In both putative enhancer lists, we found that 39.8–43.2% of the enhancer regions we identified were common across all cell types, supporting the theory that related cell types of a common origin would have a sizeable commonality of similar regulatory regions involved in development and maintenance (Fig-9A-B). Interestingly, between 1.53–10.1% of called enhancers were associated with accessible chromatin unique to each cell type. Enhancer regions selective to beta cells were identified at the highest frequency (~ 10%), while alpha and delta enhancers made up ~ 2% of the list.
As a reality check, we cross referenced our putative enhancer list with several established enhancer sites that were experimentally confirmed. Our approach correctly predicted an established intronic enhancer on the Slc30a8 gene, which was demonstrated to be regulated in part by the Pdx1 transcription factor (Fig-9C) [96]. Our approach also correctly predicted a previously identified promoter-proximal enhancer region targeting Pdx1, with co-occurring binding sites for islet transcription factors Insm1, Neurod1, and Foxa2 (Fig-9D) [77]. This validated the use of the epiRomics approach to predict novel, not previously identified enhancer regions.
We investigated cell-specific or common putative enhancer candidates, starting with those with the highest number of transcription factor co-binding sites from our list. One of the top predicted beta cell-unique putative enhancer regions is located on the sixth exon of the Slc35d2 gene and aligns with eight different ChIP co-localization binding sites (Fig-10A). An alpha cell-unique putative enhancer located at a distal-intergenic region ~ 30kb upstream of Dusp10, overlapped precisely with six sites of co-binding from various transcription factors (Fig-10B). A delta cell-unique region at a distal-intergenic enhancer region ~ 21kb upstream of Gm20745 aligned closely with no fewer than 12 sites of co-binding from multiple transcription factors. (Fig-10C). And finally, a common enhancer located ~ 32kb upstream of Snap25 – a gene expressed in alpha, beta, and delta cells, associated with a total of 17 co-binding sites of aggregated transcription factors. (Fig-10D).

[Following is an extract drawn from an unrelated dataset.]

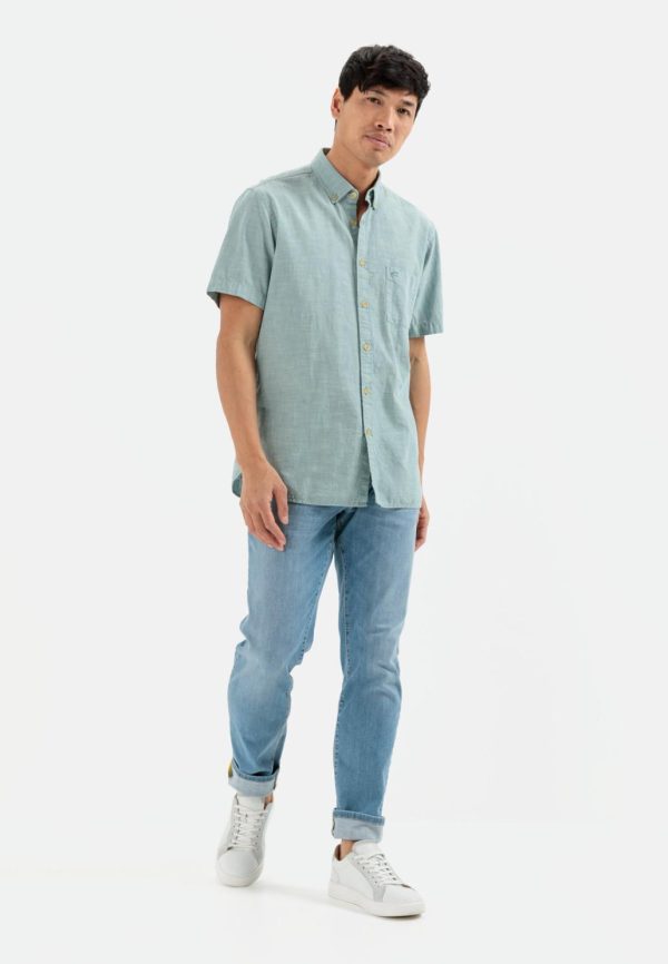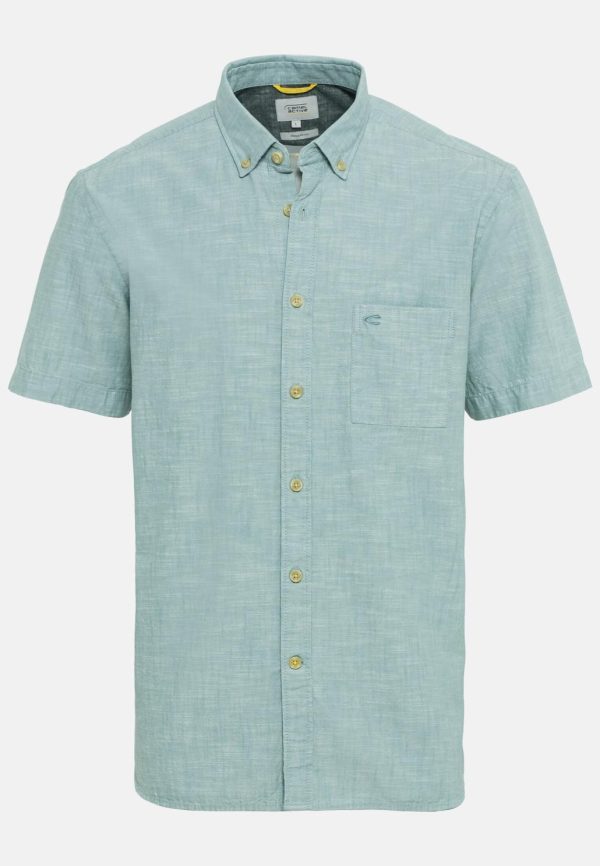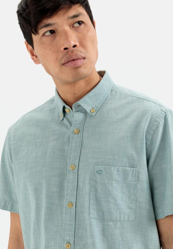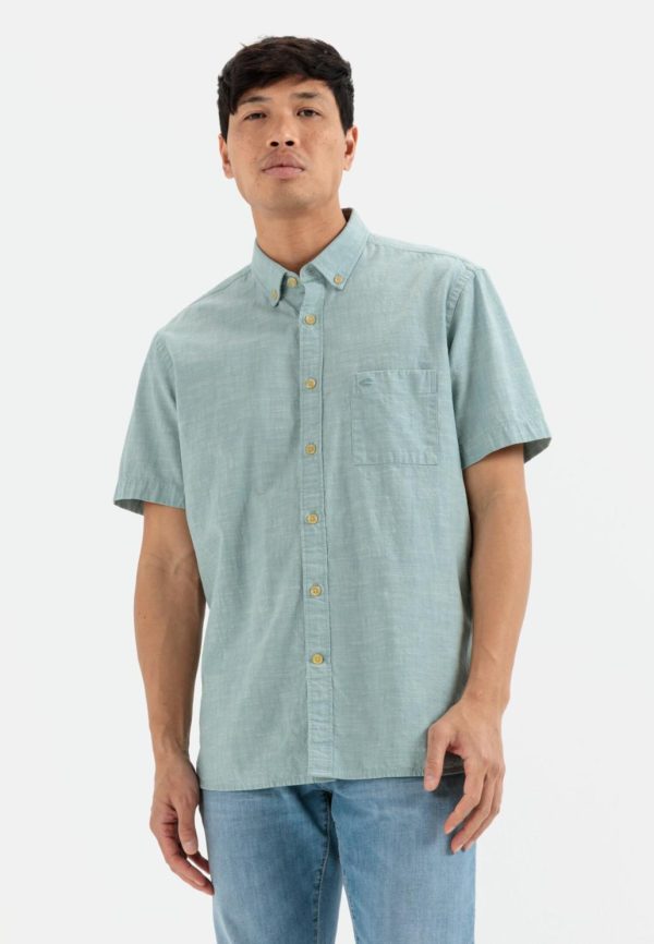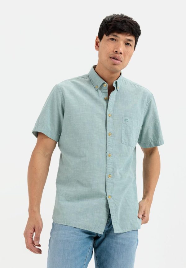 Herren Meliertes Kurzarmhemd Aus Reiner Baumwolle Hellblau | Camel Active Hemden

We noted further examples of enhancer regions that are inaccessible to beta, but present in both alpha and delta (Fig-S9A) cells, or others with chromatin accessibility across all cell types with an adjacent, intronic enhancer region uniquely available to beta cells alone (Fig-S9B). In particular, the Slc2a2 gene shares common open chromatin across alpha, beta, and delta cells. However, beta cells have a gained accessible chromatin region on the first intron identified as a putative enhancer and which overlaps with six co-binding sites. Finally, we noted more putative regions that were enriched in both alpha and beta cells, and present in delta cells as well (Fig-S9C-D).